Targeting the cleanest
city is a clarion call for every waste generator in the country to become part
of waste management. Learning institutions must champion that call. Waste
management is an enormous responsibility; therefore, people who have hitherto
been apathetic to waste must be gently initiated into a responsible waste
management culture. Education is key.
So questions need consideration:
Have learning institutions created a sustainable path for safe, innovative waste
management? In spite of the numerous mushrooming programmes in engineering,
environmental studies, technology, resource management, how many universities
or tertiary institutions practice waste sorting and recycling? Have engineering
programmes collaborated to invent operational recycling plants? Do projects which
demonstrate innovation in waste management get support? How many institutions
have programmes in technological waste management, with what impact? In other
words, do we live our curriculum?
If we dared ourselves, we
could use these questions to evaluate the relevance of curriculum across
secondary and tertiary institutions. Have such impacted learners’/societal attitude
towards the environment? Safe waste management has implications for our very existence
on this planet.
Both creationists and
evolutionists accept that oxygen anchors human existence. The fact that our
trees absorb the carbon dioxide we exhale, process and send it back to us as
oxygen situates our very existence in cleanliness. From my creationist
perspective, if the Creator had left photosynthesis in the hands of humans, we
would be extinct by now, advertently or inadvertently, through our own works.

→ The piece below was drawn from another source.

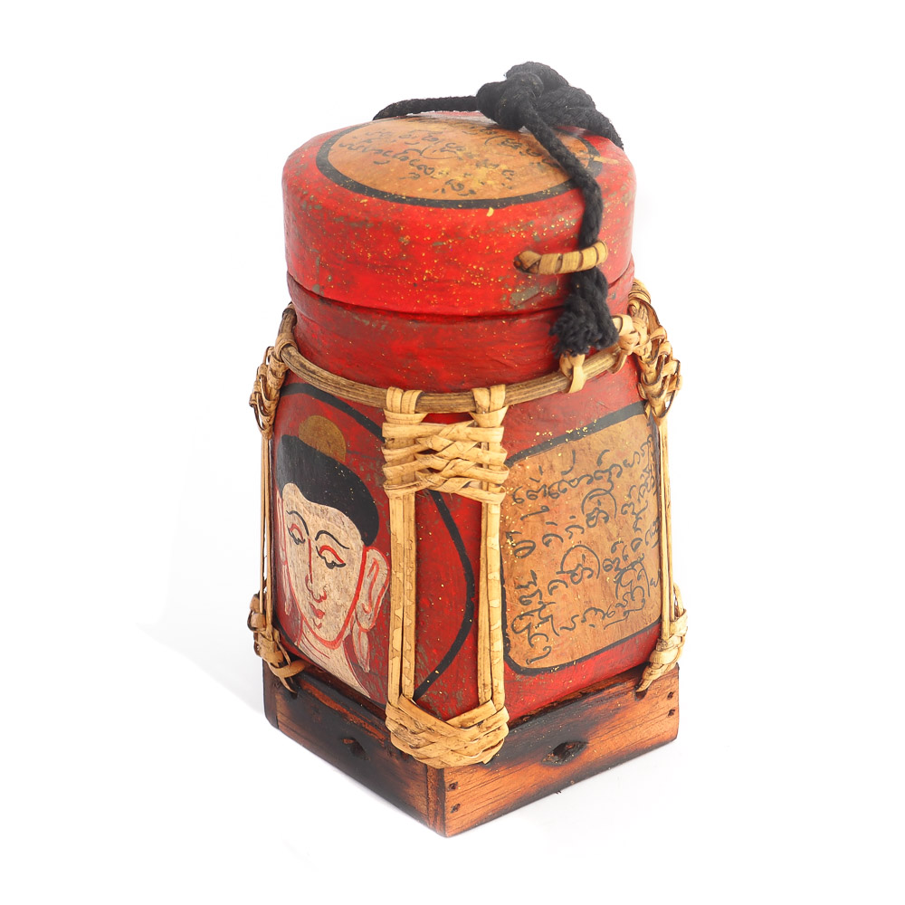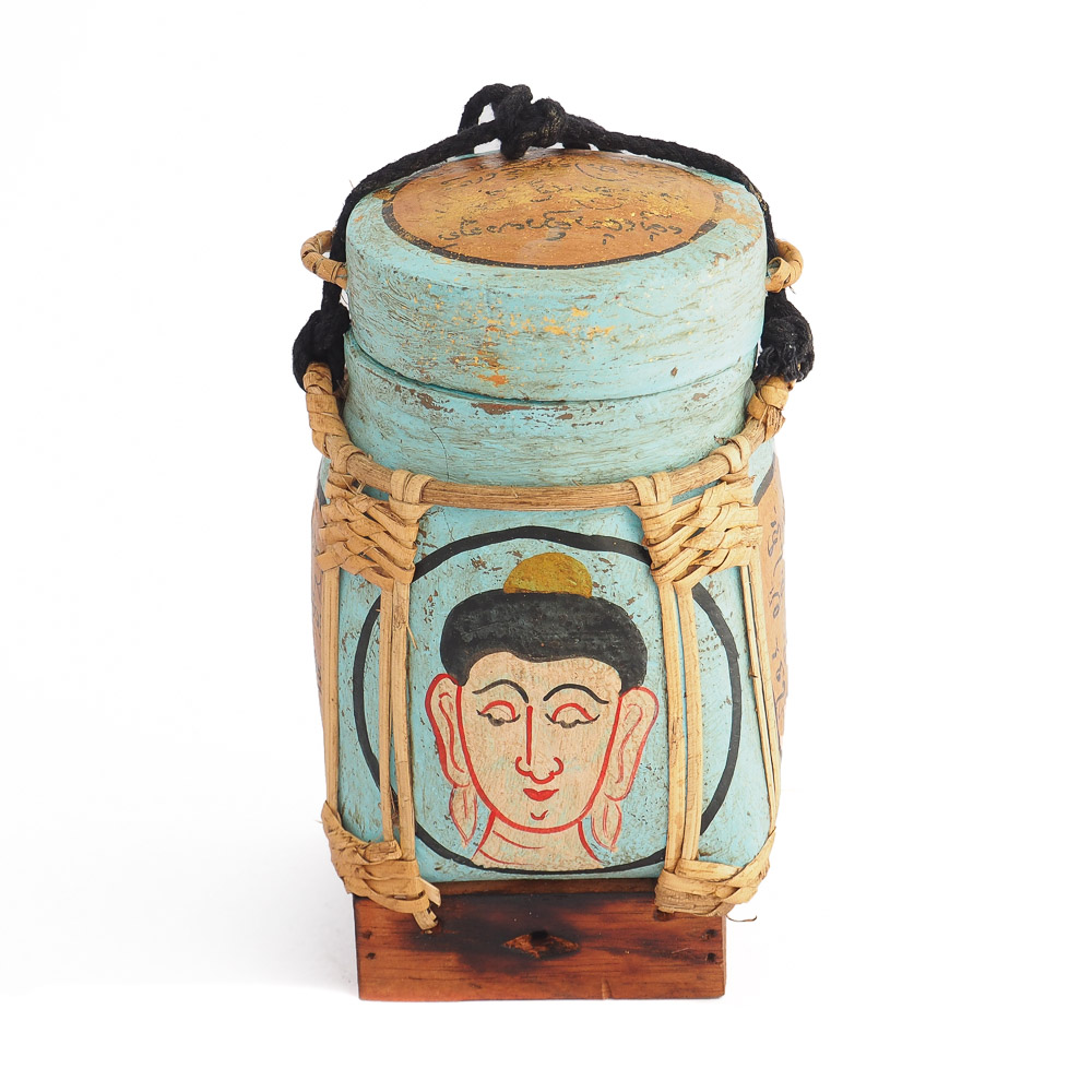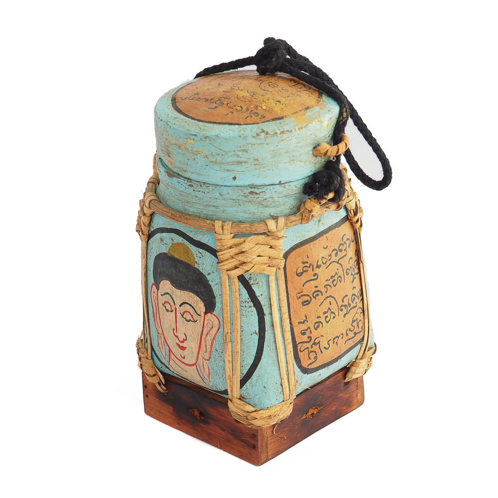 Asian storage container featuring a folk-art style Buddha portrait on soft turquoise background. This bamboo-woven vessel includes natural rattan accents, a coordinating lid, and wooden base. The rustic painted design combines traditional Thai craftsmanship with whimsical artistic elements.

Thankfully, a superior intelligent force pre-empted that by placing
photosynthesis in the hands of nature. Therefore, the ozone layer might be
deplete somewhat, but the planet’s supply of oxygen remains constant, and we
are!
In effect, any attempt at
cleanliness is an attempt to follow nature’s footprint in preserving quality
existence. Therefore this mass indifference to filth must be eschewed.
Targeting the cleanest city implies a holistic approach from domestic through
all segments of society. Small roles would culminate in major roles which would
spread responsibility for all across Ghana, not just Accra. Targeting the
cleanest city amidst a sanitation crisis is a bold dream by a gutsy doer, who
apparently, expects fellow country people to be conscientious doers. And doers
we must become, because as long as we are
engulfed by filth, we have no claim to human dignity!